| Subject: Analysis: Australia seeks to avoid
East Timor border dispute
ANALYSIS-Australia seeks to avoid E.Timor border dispute.
By Wendy Pugh
MELBOURNE, Oct 5 (Reuters) - Australia might have to give up some
petroleum revenue to East Timor in talks starting next week to avoid a sea
border dispute that could open a Pandora's box of tension with Indonesia
and frighten off billions in investment.
East Timor starts talks with Australia on Monday on revenues from the
disputed Zone of Co-operation in the Timor Sea, and has signalled it may
seek 90 percent of the funds based on border claims that put key petroleum
projects in its waters.
The Timor Gap Treaty between Australia and Indonesia evenly split
revenues from the zone after the two countries could not agree on a
border, but the treaty must be renegotiated following East Timor's vote
for independence last year.
Analysts said on Thursday that Australia faced pressure to help the
emerging East Timorese nation but would not agree to any move that created
a border which diminished its sovereignty and that could create tensions
with Indonesia .
"There is no doubt Indonesia will feel quite aggrieved if we have
unequal boundaries in certain areas with Indonesia and we suddenly blow
the boundary out and make a more equi-distant one in relation to East
Timor," said Gillian Triggs, associate dean of the University of
Melbourne's law faculty.
"I would have thought these negotiations would be done with a
pretty positive view to coming up with an approach which is in the
interests of East Timor, but which doesn't significantly diminish the
legal position of Australia," she told Reuters.
FUNDS CRITICAL TO EAST TIMOR
The border alongside the Zone of Co-operation is a sensitive issue as
several major gas and oil deposits lie just outside Indonesian territory
in Australian waters including the 140,000 barrels per day Laminaria
project.
Australia has said the first round of talks starting in Dili next week
will be more about royalties as East Timor is not yet a sovereign country
with the right to negotiate boundaries.
But East Timor's boundary claims underpin its demand for extra
revenues, critical to its future as a viable independent nation not
reliant on aid from countries including Australia.
It is estimated slightly less than A$6 million has been received by
Australia from its share of royalties from the small level of oil
production in the zone since July 1998.
But Australia and East Timor stand to gain tens of millions of dollars
annually just from the Phillips Petroleum Co operated Bayu-Undan liquids
project, due to produce 113,000 barrels per day from 2004.
Australia's claim to the zone of co-operation is based on the
"natural prolongation" of its continental shelf which extends to
a deep underwater trench close to East Timor.
But other views on the international Convention of the Law of the Sea
say that East Timor's case for a mid-point boundary has strengthened since
Indonesia signed the original treaty.
Some industry analysts tip Australia could give more than 70 percent of
the royalties to East Timor, reflecting the equal validity of its claim
and political pressure to help a country to which it has already given
millions of dollars in aid.
INVESTORS SEEK CERTAINTY
What no one wants is a border dispute locked up in international courts
for years, frightening away billions of dollars of investment.
Australia's government has not disclosed the position it will take to
the talks but Industry, Science and Resources Minister Nick Minchin said
it wanted a smooth transition.
"It is critical that the new treaty does maintain investor
confidence in the Timor Gap.
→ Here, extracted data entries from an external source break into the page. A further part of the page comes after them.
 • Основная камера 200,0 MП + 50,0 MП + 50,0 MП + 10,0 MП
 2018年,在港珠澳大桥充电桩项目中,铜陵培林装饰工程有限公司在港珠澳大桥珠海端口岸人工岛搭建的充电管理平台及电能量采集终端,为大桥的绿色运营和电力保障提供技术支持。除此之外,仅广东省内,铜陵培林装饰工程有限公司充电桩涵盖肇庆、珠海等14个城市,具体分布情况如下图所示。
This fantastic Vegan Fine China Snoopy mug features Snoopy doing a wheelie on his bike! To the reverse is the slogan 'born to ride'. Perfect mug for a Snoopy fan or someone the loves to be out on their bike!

Without that there will be no financial or
employment benefits for either the East Timorese people or us," he
told Parliament this week. Australian Petroleum Production and Exploration
Association executive director Barry Jones said whatever arose from the
talks, the petroleum companies needed certainty.
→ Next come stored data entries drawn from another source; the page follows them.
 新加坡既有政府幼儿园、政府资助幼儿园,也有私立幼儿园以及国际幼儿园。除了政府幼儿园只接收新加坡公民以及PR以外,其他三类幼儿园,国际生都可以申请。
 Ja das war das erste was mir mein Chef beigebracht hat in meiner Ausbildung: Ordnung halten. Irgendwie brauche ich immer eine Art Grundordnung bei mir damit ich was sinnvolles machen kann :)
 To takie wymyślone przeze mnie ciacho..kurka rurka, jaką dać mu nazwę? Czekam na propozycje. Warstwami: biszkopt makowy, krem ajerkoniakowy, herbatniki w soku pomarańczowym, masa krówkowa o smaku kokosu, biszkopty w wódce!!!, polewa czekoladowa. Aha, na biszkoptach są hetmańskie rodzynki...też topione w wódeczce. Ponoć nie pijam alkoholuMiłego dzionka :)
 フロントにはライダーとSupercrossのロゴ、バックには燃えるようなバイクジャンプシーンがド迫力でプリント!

"The first thing that has to come out of these talks is confidence
to the industry that existing legal and contract rights will not be
altered in any way by the outcome of the negotiations," he said.
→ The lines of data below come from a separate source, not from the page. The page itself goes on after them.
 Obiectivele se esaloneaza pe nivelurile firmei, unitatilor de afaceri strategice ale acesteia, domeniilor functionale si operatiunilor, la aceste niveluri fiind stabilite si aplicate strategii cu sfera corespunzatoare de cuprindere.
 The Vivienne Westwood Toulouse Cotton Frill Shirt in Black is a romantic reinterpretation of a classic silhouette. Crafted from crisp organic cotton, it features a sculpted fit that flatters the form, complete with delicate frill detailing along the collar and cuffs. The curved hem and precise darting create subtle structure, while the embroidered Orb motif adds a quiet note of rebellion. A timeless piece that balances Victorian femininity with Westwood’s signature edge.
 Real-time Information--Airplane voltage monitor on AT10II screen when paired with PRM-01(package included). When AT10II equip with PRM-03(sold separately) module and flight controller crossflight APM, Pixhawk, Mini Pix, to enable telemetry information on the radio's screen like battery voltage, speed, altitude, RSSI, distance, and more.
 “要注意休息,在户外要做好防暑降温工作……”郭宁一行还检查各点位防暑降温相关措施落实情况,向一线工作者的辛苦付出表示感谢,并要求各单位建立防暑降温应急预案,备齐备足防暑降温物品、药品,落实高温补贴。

The industry is also looking for rules on fiscal arrangements for gas,
left out of the original treaty because at the time no one realised the
zone of co-operation was more of a gas province than an Australian
equivalent to the oil-rich North Sea.
The Bayu-Undan project plans to brings gas to Australia in 2004 and is
also considering liquefied natural gas exports.
The North Australian Gas Venture of Woodside Petroleum Ltd and Royal
Dutch/Shell has vast gas reserves of 16.9 trillion cubic feet, up to 20
percent in the zone of co-operation, and is also planning major
developments.
The treaty renegotiation comes as key decisions by the gas developers
and downstream users are due to be taken by year-end.
"It is not in the interests of the East Timorese, or of Australia
or of the industry to have any aspect of these negotiations become a
stumbling block for major gas developments," Jones said.